**DATA SEGMENT**
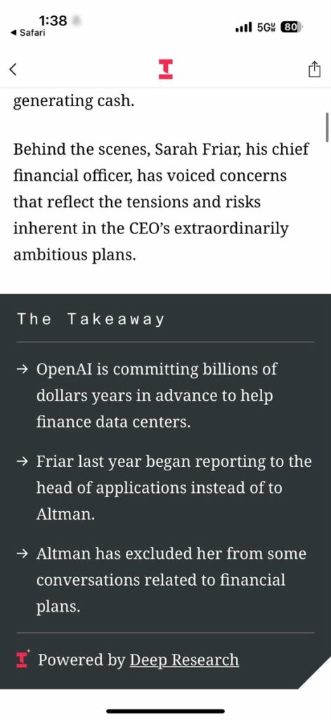 when OpenAI’s CFO starts whispering that she doesn’t buy the CEO’s plan, the shit may be about to hit the fan. Anissa Gardizy (@anissagardizy8) NEW: There’s a growing tension between San Altman and his CFO, Sarah Friar. Privately, Friar has started speaking about her concerns about the firm’s massive spending on compute and Altman’s hopes to IPO this year. More details from me and @amir in @theinformation — https://nitter.net/anissagardizy8/status/2040894109817393240#m
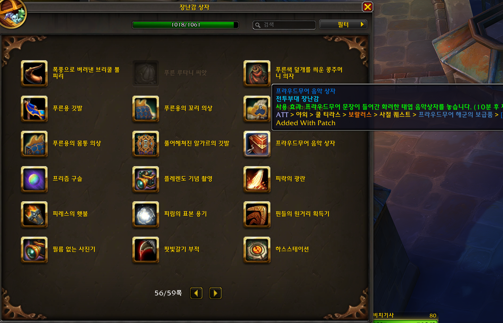 프라우드무어 음악 상자 장난감은 격아 확장팩 장난감으로 얼라이언스만 획득가능한 장난감입니다.
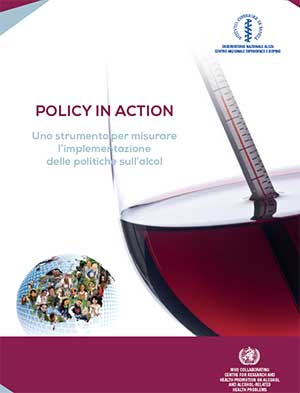 - Il documento completo in italiano “Policy in Action. Uno strumento per misurare l’implementazione delle politiche sull’alcol” (pdf 662 kb) e le relative fact sheet (pdf 391 kb) prodotte in occasione dell’Alcohol Prevention Day 2019
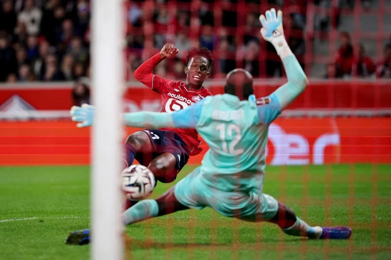 45e+ 2 : numéro technique de Bouaddi devant la surface avant de servir Correia dans la profondeur. L’attaquant nordiste trompe Koffi en ouvrant son pied.

**ACTION ITEM**
An exact transcription is needed of the lines from the one with "프라우드무어 음악 상자" to the one with "- Il documento" above, both ends included, with pictures left out.

**FINISHED EXERCISE**
 프라우드무어 음악 상자 장난감은 격아 확장팩 장난감으로 얼라이언스만 획득가능한 장난감입니다.
 - Il documento completo in italiano “Policy in Action. Uno strumento per misurare l’implementazione delle politiche sull’alcol” (pdf 662 kb) e le relative fact sheet (pdf 391 kb) prodotte in occasione dell’Alcohol Prevention Day 2019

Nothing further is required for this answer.